Records for the task below:

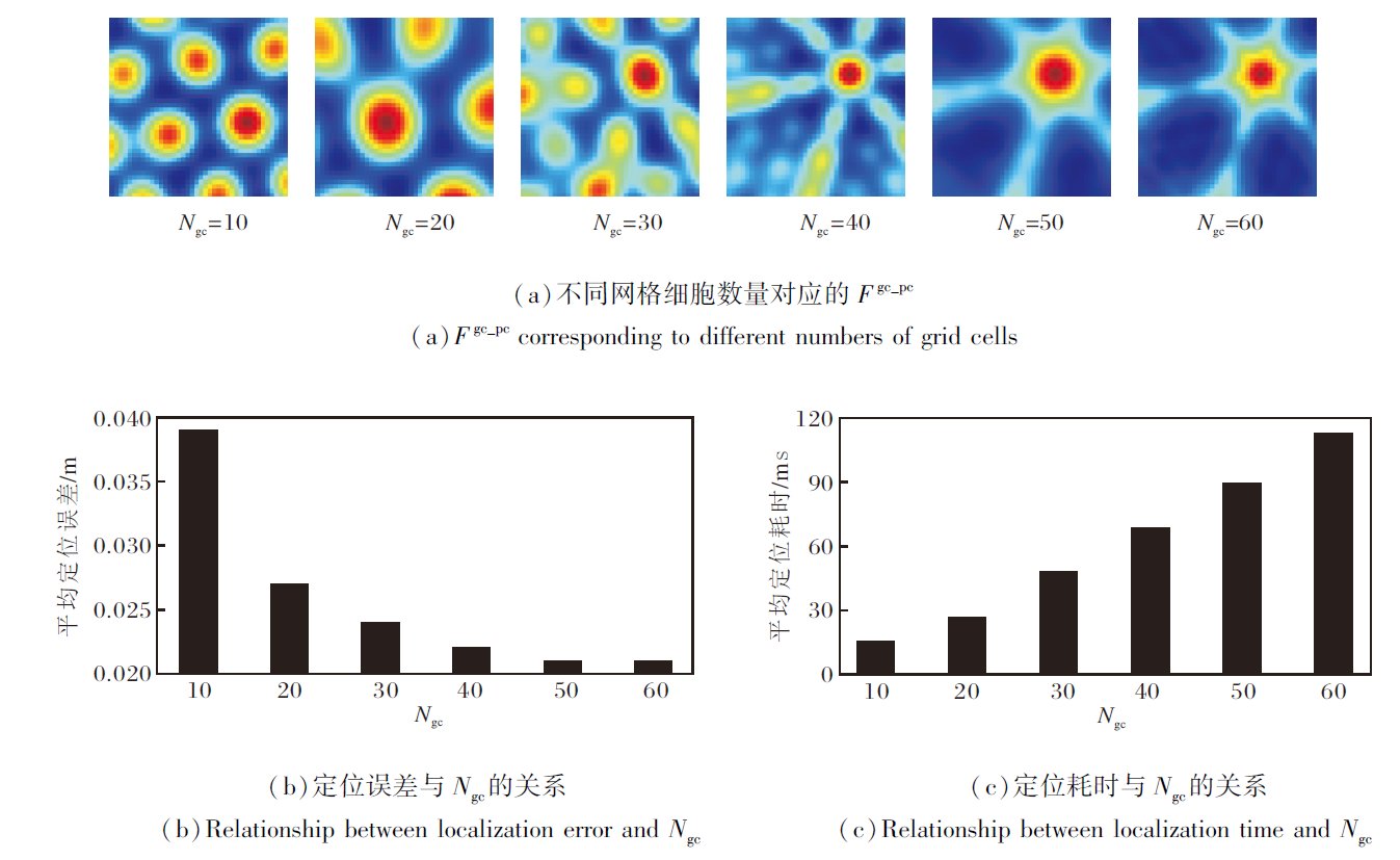 然后, 定义位置细胞板尺寸为40× 40, 分别设定网格细胞数量Ngc=10, 20, 30, 40, 50, 60, 不同网格细胞数量的实验结果如图11所示.
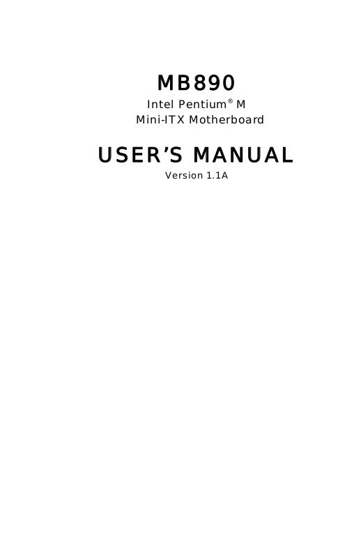 The MB890 Mini ITX board incorporates the Intel® advanced 855GME Chipset
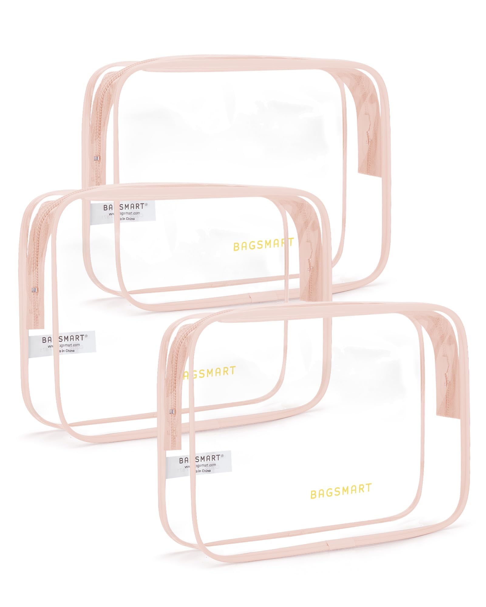BAGSMART Clear Toiletry Bag, 3 Pack TSA Approved Travel Toiletry bag Carry on Travel Accessories Bag Airport Airline Quart Size Bags Water Repellent Makeup Cosmetic Bag for Women (Nude Pink-3pcs)
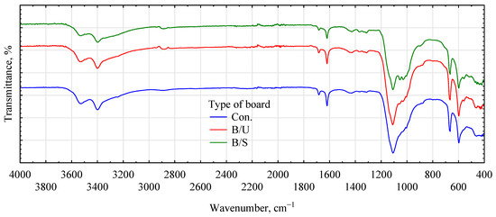 FTIR spectra of samples of the respective gypsum–fiber boards were performed to confirm whether the selected primers actually fulfill the chemical or mechanical role attributed to them. The interpretation was based on the bands at 1000 and 1100/1150 cm−1, which are bands characteristic of gypsum (gypsum absorption band). In Figure 9, it is characterized by its high intensity and specific shape. In the case of the spectra of samples made of building gypsum and hemp fibers, two smaller bands emerge at the slope of this band, especially when Soudal priming emulsion is used. Peaks at 1300 cm−1 also appear weaker than expected but more pronounced than in the control board and in the Unicell-modified fiber boards at 2930 cm−1, associated with styrene–acrylic copolymer derivatives.
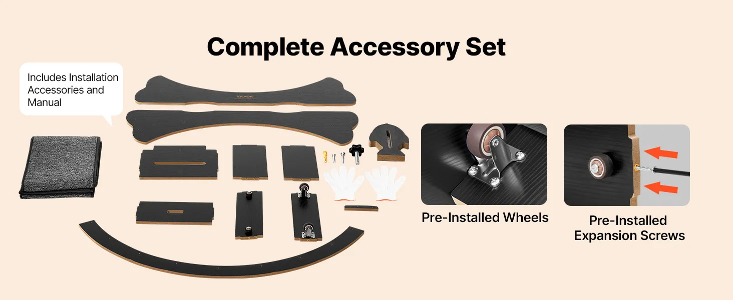 Kit di accessori completo: kit di ruote per gatti include un manuale di montaggio dettagliato, guanti, viti di espansione preinstallate, per farti risparmiare tempo di montaggio. Un bastoncino per insegnare al tuo gatto a usare rapidamente ruota
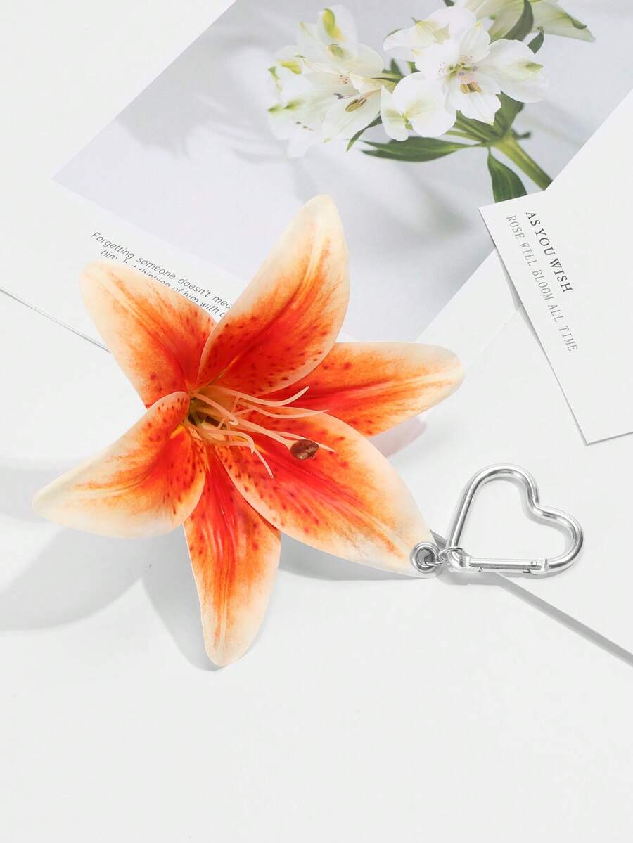Fairycore 1pc Sweet Gradient Orange Lily Decor Heart-Shaped Key Chain, Beach Vacation Style Wedding Party Gift Accessories, Suitable For Back-To-School Teens
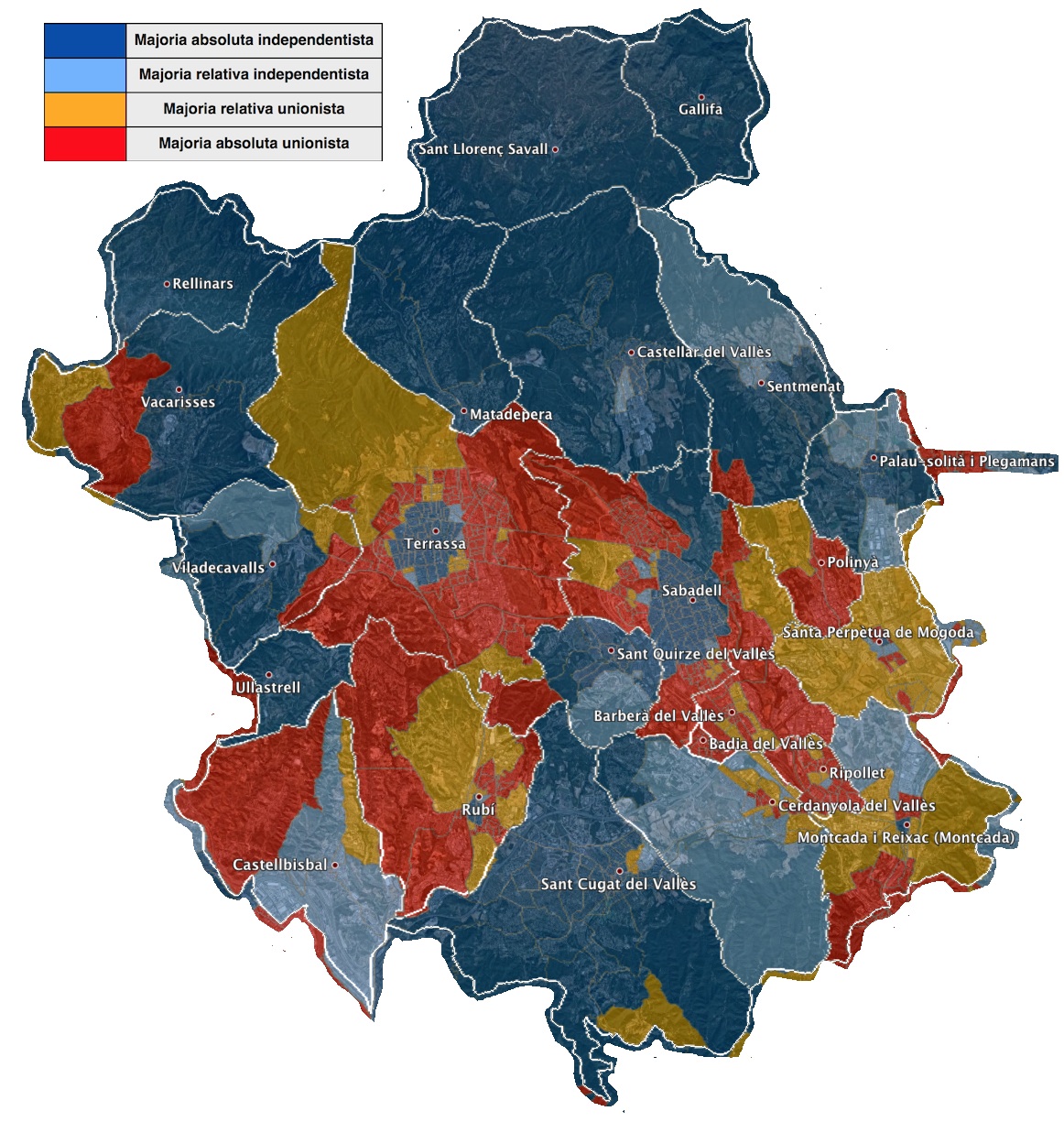 - Cerdanyola, Montcada i Reixac, Sta. Perpètua de Mogoda i Polinyà, majoria unionista i pocs nuclis independentistes
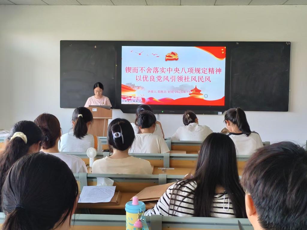 随后,全体党员集中观看党纪教育片《八项规定改变中国》。影片通过历史案例与现实成效对比,展现中央八项规定实施后党风政风的深刻变革。“这部纪录片让我从‘小切口’看到全面从严治党的大格局,作为即将踏入职场毕业生,要牢记党纪不是空洞条文,而是我们在未来工作、学习和生活中的行动指南,指引我们在新的岗位上严守纪律规矩。本科生工管支部颜怡萱如是说。

End of Records for the task.

## Problem statement
Could you set down verbatim the lines from the beginning of the entries above through the line containing "BAGSMART Clear Toiletry", both included, leaving out the pictures?

## Solution to this exercise
 然后, 定义位置细胞板尺寸为40× 40, 分别设定网格细胞数量Ngc=10, 20, 30, 40, 50, 60, 不同网格细胞数量的实验结果如图11所示.
 The MB890 Mini ITX board incorporates the Intel® advanced 855GME Chipset
BAGSMART Clear Toiletry Bag, 3 Pack TSA Approved Travel Toiletry bag Carry on Travel Accessories Bag Airport Airline Quart Size Bags Water Repellent Makeup Cosmetic Bag for Women (Nude Pink-3pcs)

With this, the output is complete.